→ Brief:
Once the pictures are set aside, reproduce the entries below exactly.

Recorded data:
- - - -

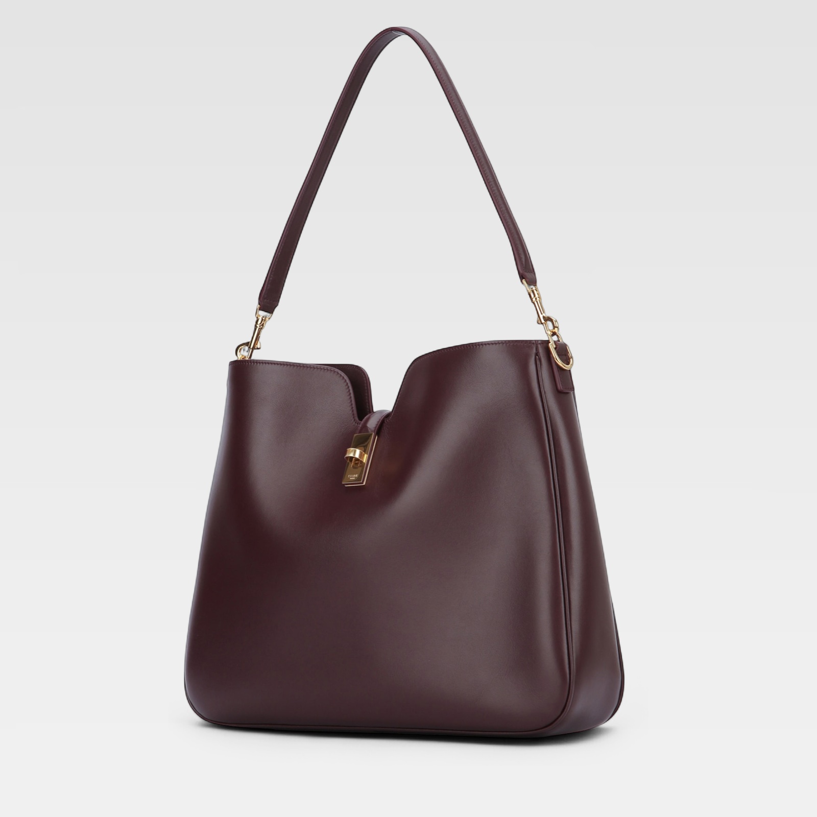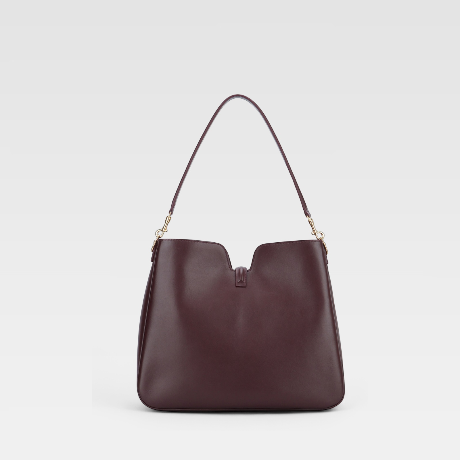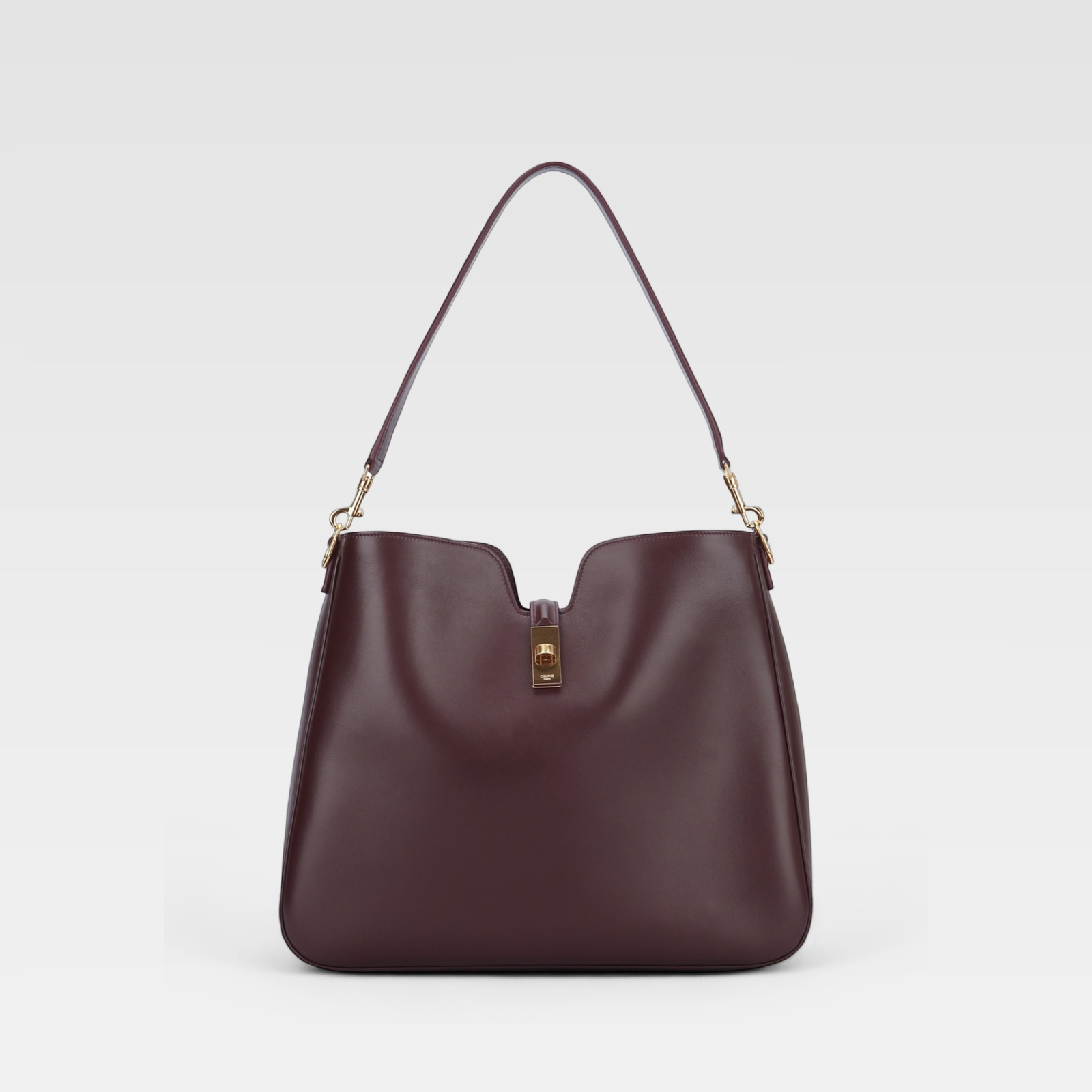 Bolso confeccionado en cuero liso burdeos, con estructura suave y silueta sofisticada. Presenta un cierre frontal con broche dorado y distintivo detalle metálico. El diseño de asa única permite llevarlo cómodamente al hombro, ideal para un estilo elegante y contemporáneo.
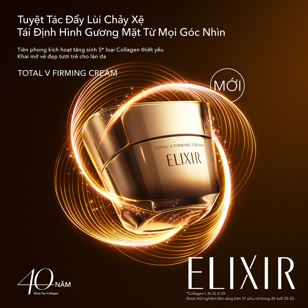 ELIXIR, từ khi ra mắt vào năm 1983, đã dành 40 năm để nghiên cứu khoa học Collagen. Nỗ lực không ngừng này đã tạo nên ELIXIR Total V-Firming Cream, sự kết hợp của những công nghệ hàng đầu, nhằm nâng cao hiệu quả chống chảy xệ và lão hóa cho làn da.
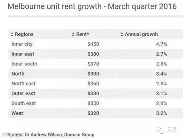 Domain Group最新的季度租金报告显示,墨尔本单元房(Unit)的周租中位价首次突破了380澳元,而独栋别墅(House)的周租中位价更是一直稳定在400澳元以上。
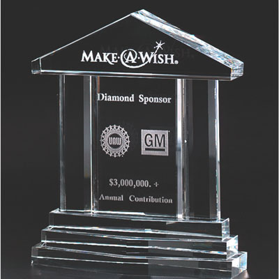 | CR 209 Optical Cut Crystal Ht. 7" Engraveable area Roof: 3 1/2", House 2 1/4" x 3 1/2" width |
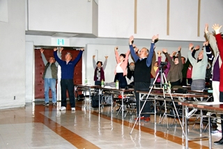 第1部の「笑いヨガ」は、「笑い」に「ヨガの呼吸法」を組み合わせた全く新しい運動法です。腹式呼吸による深呼吸は、健康長寿の秘訣とされています。
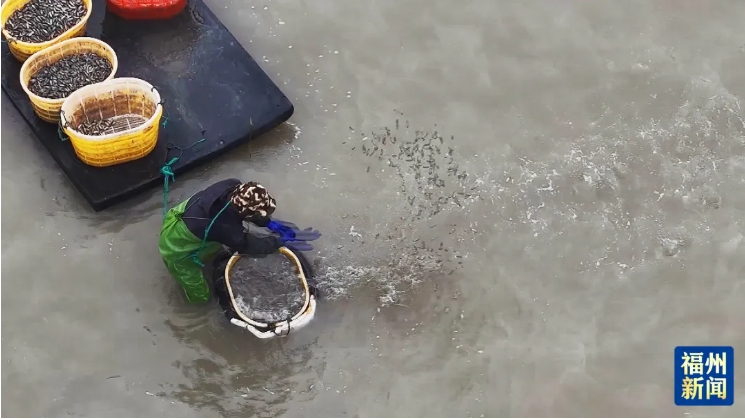 連江縣浦口鎮中麻村南面海域地處敖江入海口,在距離岸邊約2公里的海上蟶田,漁民們忙著撒下粒粒蟶苗。
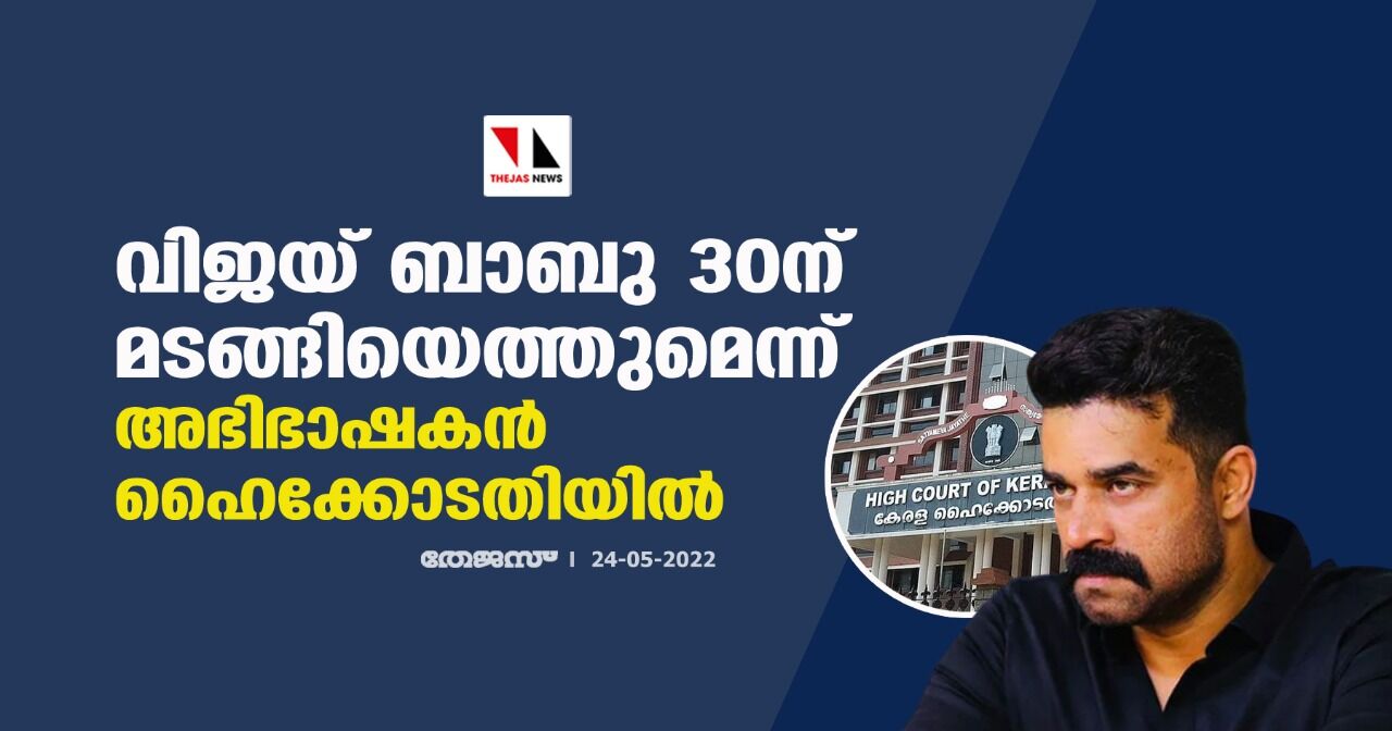 വിജയ് ബാബു 30ന് മടങ്ങിയെത്തുമെന്ന് അഭിഭാഷകന് ഹൈക്കോടതിയില്

- - - -

→ Finished task:
 Bolso confeccionado en cuero liso burdeos, con estructura suave y silueta sofisticada. Presenta un cierre frontal con broche dorado y distintivo detalle metálico. El diseño de asa única permite llevarlo cómodamente al hombro, ideal para un estilo elegante y contemporáneo.
 ELIXIR, từ khi ra mắt vào năm 1983, đã dành 40 năm để nghiên cứu khoa học Collagen. Nỗ lực không ngừng này đã tạo nên ELIXIR Total V-Firming Cream, sự kết hợp của những công nghệ hàng đầu, nhằm nâng cao hiệu quả chống chảy xệ và lão hóa cho làn da.
 Domain Group最新的季度租金报告显示,墨尔本单元房(Unit)的周租中位价首次突破了380澳元,而独栋别墅(House)的周租中位价更是一直稳定在400澳元以上。
 | CR 209 Optical Cut Crystal Ht. 7" Engraveable area Roof: 3 1/2", House 2 1/4" x 3 1/2" width |
 第1部の「笑いヨガ」は、「笑い」に「ヨガの呼吸法」を組み合わせた全く新しい運動法です。腹式呼吸による深呼吸は、健康長寿の秘訣とされています。
 連江縣浦口鎮中麻村南面海域地處敖江入海口,在距離岸邊約2公里的海上蟶田,漁民們忙著撒下粒粒蟶苗。
 വിജയ് ബാബു 30ന് മടങ്ങിയെത്തുമെന്ന് അഭിഭാഷകന് ഹൈക്കോടതിയില്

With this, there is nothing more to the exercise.